> [Saved data entries]:

---------------

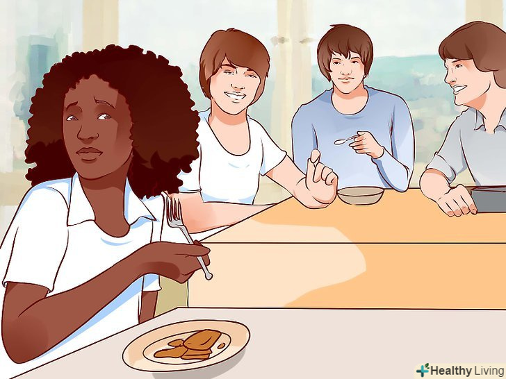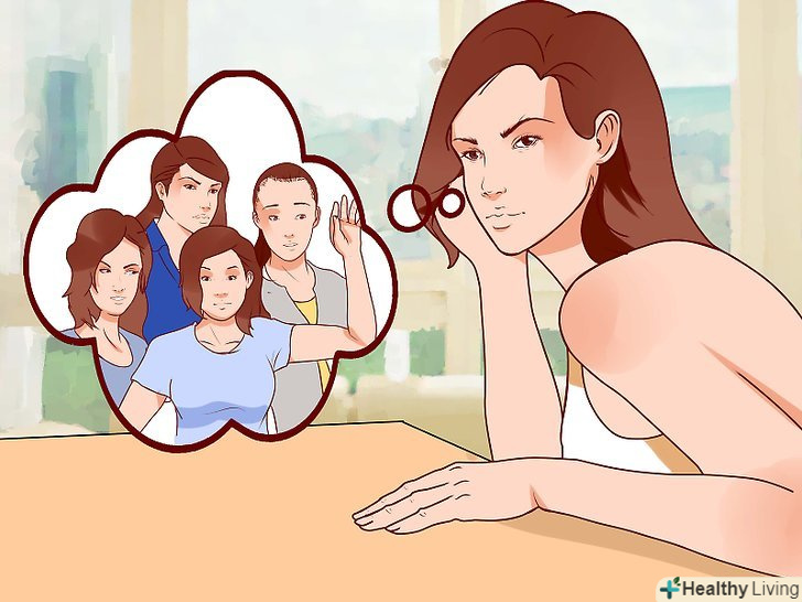 Не зациклюйтеся на собі.взаємодійте з оточенням, щоб не зациклюватися на собі. Спостерігайте за людьми і обстановкою. НамагайтесяСлухати інших і не піддавайтеся поганим думкам.[14]- Якщо ви помітили, що зациклені на своїх думках або на тому, що про вас можуть подумати люди, то перенесіть увагу на щось інше.
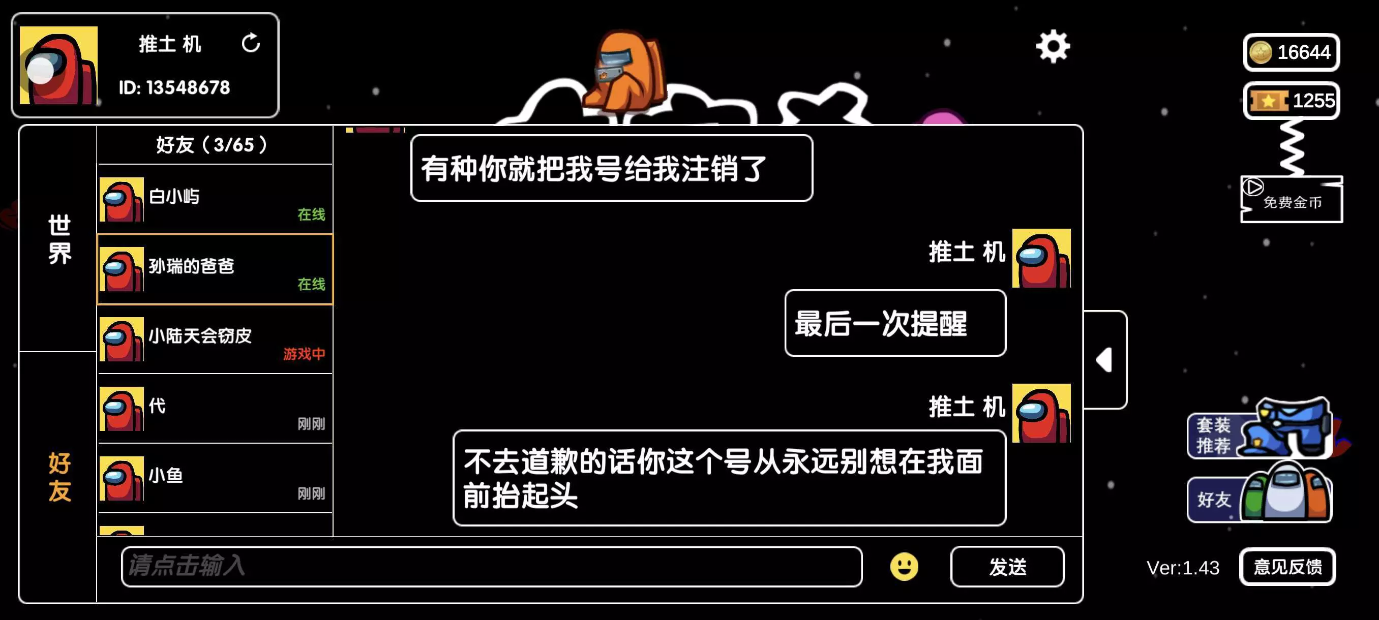 请各位玩家一同维护游戏氛围,友好发言,有则改之,无则加勉
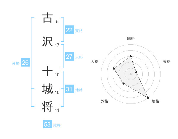古沢 十城将さんを姓名の画数から五運を鑑定
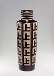 Grotell’s move to the Cranbrook Academy of Art, outside of Detroit, Michigan, marked the turning point in her career. Although she was initially turned down for a position because of her gender, Grotell was hired in 1938 as a pottery instructor (the post held previously, if only briefly, by Waylande Gregory). A consummate craftsman, Grotell evolved a sophisticated, geometric style at Cranbrook. At the same time, with access to a large kiln, she could throw pots on a scale far grander than previously. As seen in this tall cylindrical vase, Grotell’s decoration evolved into a strong, graphic idiom. The design was likely inspired directly by the architect Eliel Saarinen, Cranbrook’s director, and his particular brand of modernism. Grotell’s bold, stepped design recalls the doors and ceilings that her compatriot created for Cranbrook, and which she would have experienced on a daily basis. Likewise, the vase’s concentric accentuated throwing rings echo Saarinen’s emphasis on craftsmanship. The integrity of her approach to ceramics inspired many American potters of the next generation.
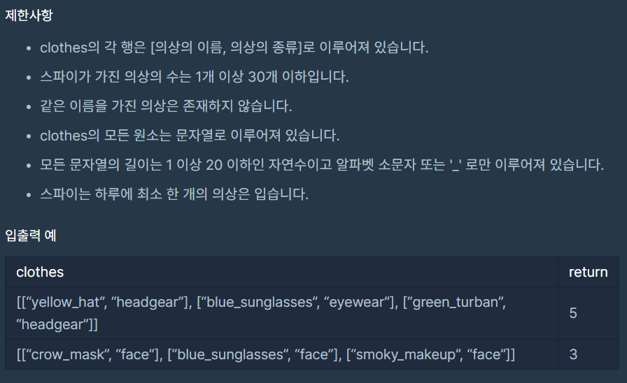 Dictionary 자료형의 Value 값을 List 재구성하는 방법을 도저히 모르겠었는데 다른 분의 답안을 보며 터득할 수 있었다. 경우의 수도 조합을 사용하며 너무 복잡하게 생각했는데, 조금의 아이디어로 간단히 계산한 방법을 기억하자.
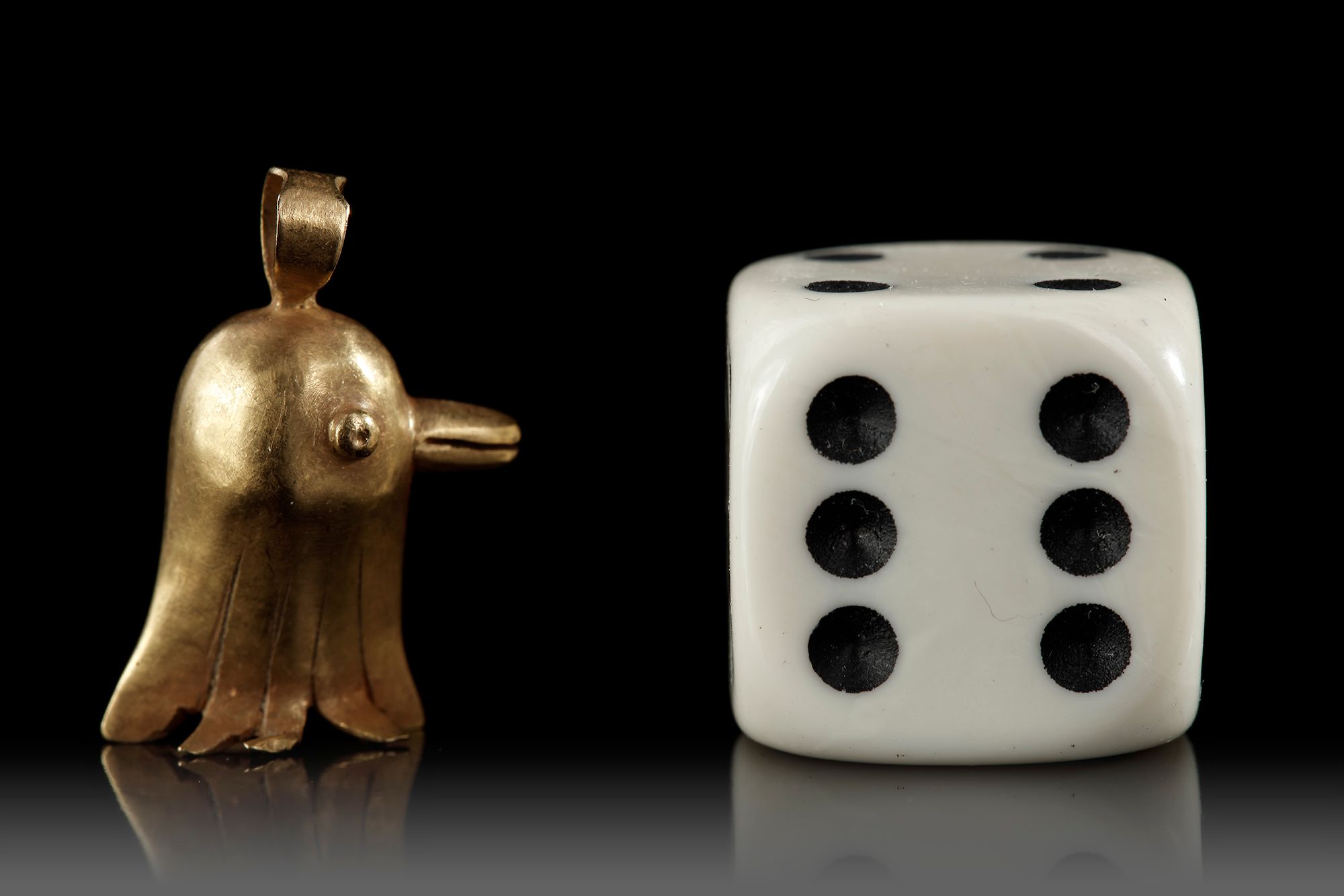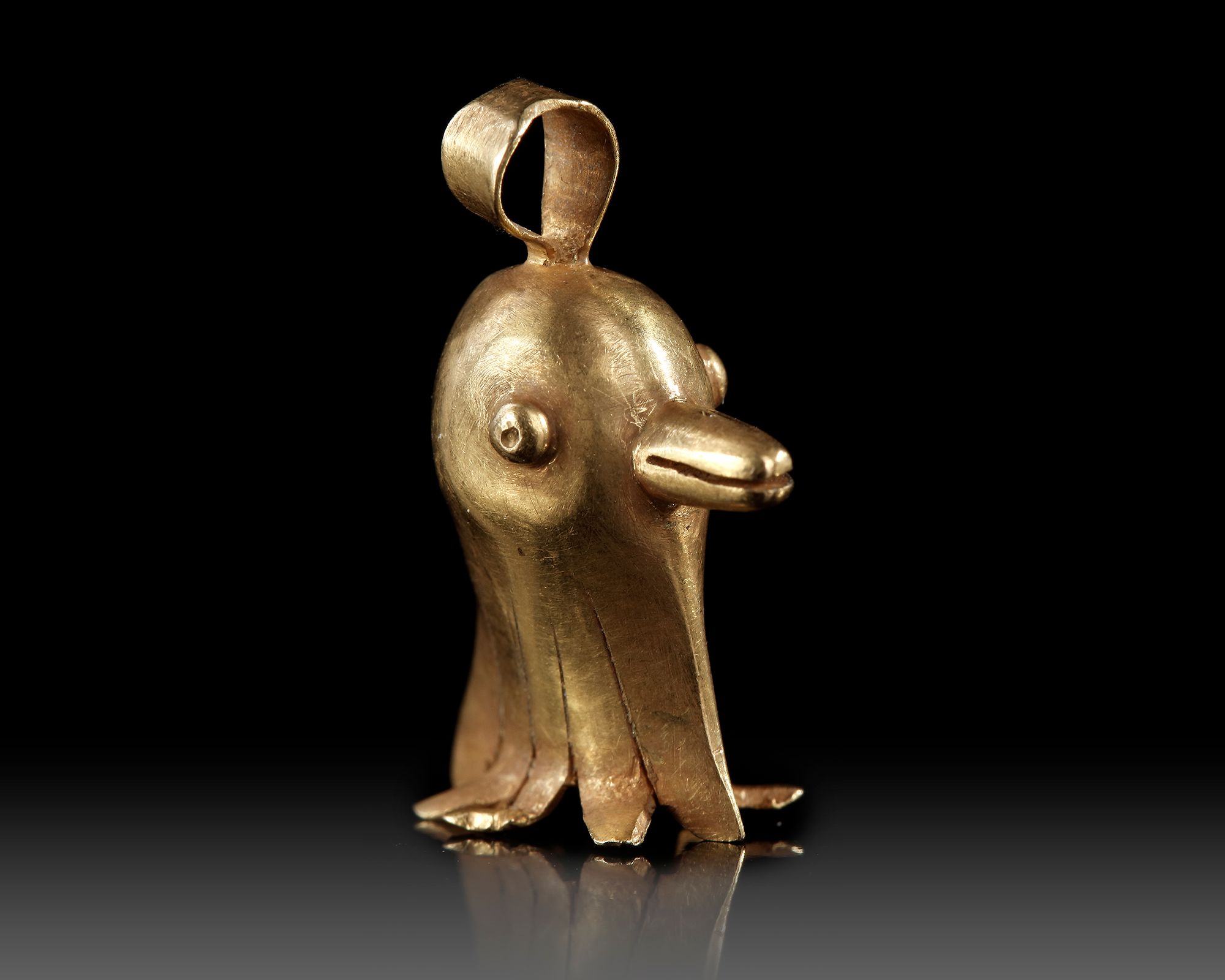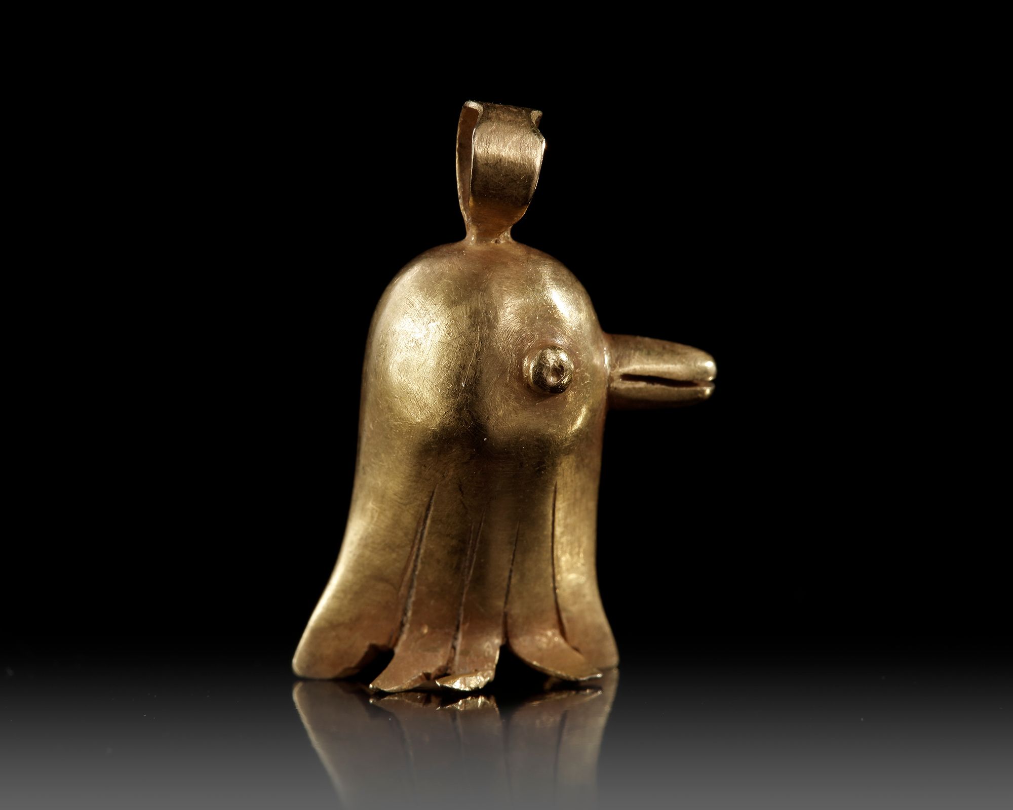 A finely crafted Roman gold pendant shaped as a stylized bird’s head, featuring a rounded form, protruding beak, and expressive eyes. The lower edge is split into decorative flared sections.

---------------

Repeat, with no pictures, every line from the top of the entries above through the line that has "古沢 十城将さんを姓名の画数から五運を鑑定", keeping each one exact.

> [RESULT]:
 Не зациклюйтеся на собі.взаємодійте з оточенням, щоб не зациклюватися на собі. Спостерігайте за людьми і обстановкою. НамагайтесяСлухати інших і не піддавайтеся поганим думкам.[14]- Якщо ви помітили, що зациклені на своїх думках або на тому, що про вас можуть подумати люди, то перенесіть увагу на щось інше.
 请各位玩家一同维护游戏氛围,友好发言,有则改之,无则加勉
古沢 十城将さんを姓名の画数から五運を鑑定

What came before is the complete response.